Tuesday, February 10, 2009

El Salvador

Well I´ve been putting this off for a while. I keep goining back and forth about what to write so I´ll just start.

I got dropped off at a hotel in DC last week and meet all the other volunteers. I was very suprised when I saw the range of places where everyone was from within the States, I guess I secretly thought everybody would be from New England. Of all the things I speculated that I would learn, learning about Americans was not one of them (at least not until I returned).

We checked into the hotel at 2pm and checkedout at 2am, and were in El Salvador by 2pm. My assignent is Rural Health Facilitator by the way. As the plane was landing I was looking out at the country I was panicing a little and kept asking myself what the heck I was doing, and what did I hope to accomplish. That was definitly my lowest point so far, but when we arrived at the Peace Corps compound in San Salvador there was the entire staff cheering to welcome us and I felt much better.
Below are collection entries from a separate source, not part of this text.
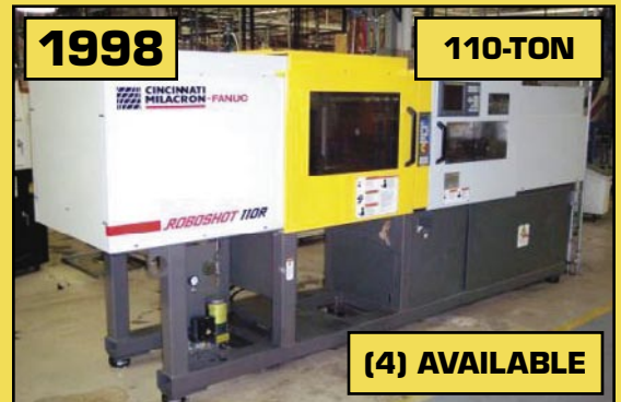
1998 Cincinnati Roboshot 110R
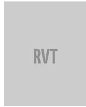
↓ Revit Virtual Showroom (RVT)
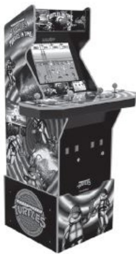
TURTLES IN TIME ARCADE1UP

There was a lot of flip chart paper, eating, and shots the first two days. Those first two days we (the trainees) stayed in a hotel in San Vincente, and got to know each other. And by Friday we were with our host families in smaller towns within a hald hour drive to San Vicente, whom we will stay with for 8 weeks. My family is great, I will learn Spanish very quickly there. They love to grill me when I make mistakes, but they don´t do it too often and when they do it´s in a loving way. Their food is super good! The chicken and eggs are the best, but everything else is really good too.
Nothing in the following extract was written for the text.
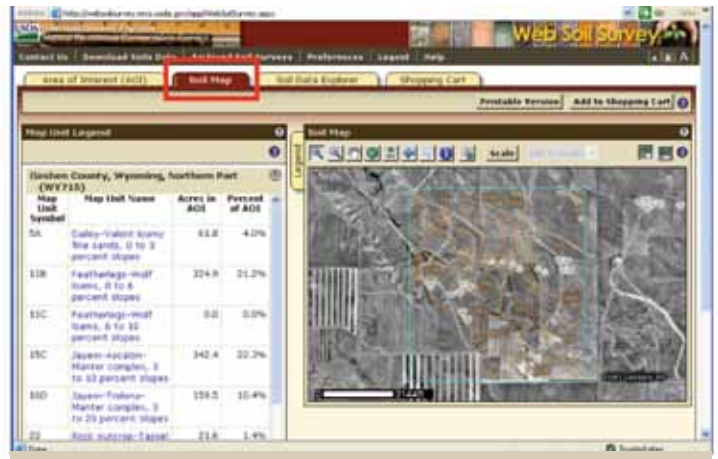
Step 2a. View soil map

I made a bet with an other volunteer that I would kill and eat chicken before him at the hotel in DC-I think I will win tomorrow.

The town takes about 10 minutes to walk all the way across so it´s pretty big. There is a nice park in the center where the dogs hang out-oh yeah. There are sooo many dogs here the live in the street and howl terribly at night. There are lots of vistas where I can see for miles. Most of the stores here are in the front part of someones house so their living room might be the same as the store. All the houses have electricity and many nice things, and there running water one day a week.

The average day is 4 hours of language training, lunch, comunitty activities/language, then home for dinner and to talk to the family.

All in all everything here is great. The other trainees are awsome, and El Salvador had the lowest drop out rate of any of the 70 countries Peace Corps is in two years ago, and was in the lowest five last year.

Ciao for now,
Mateo

the only thing i would like is a splle chek!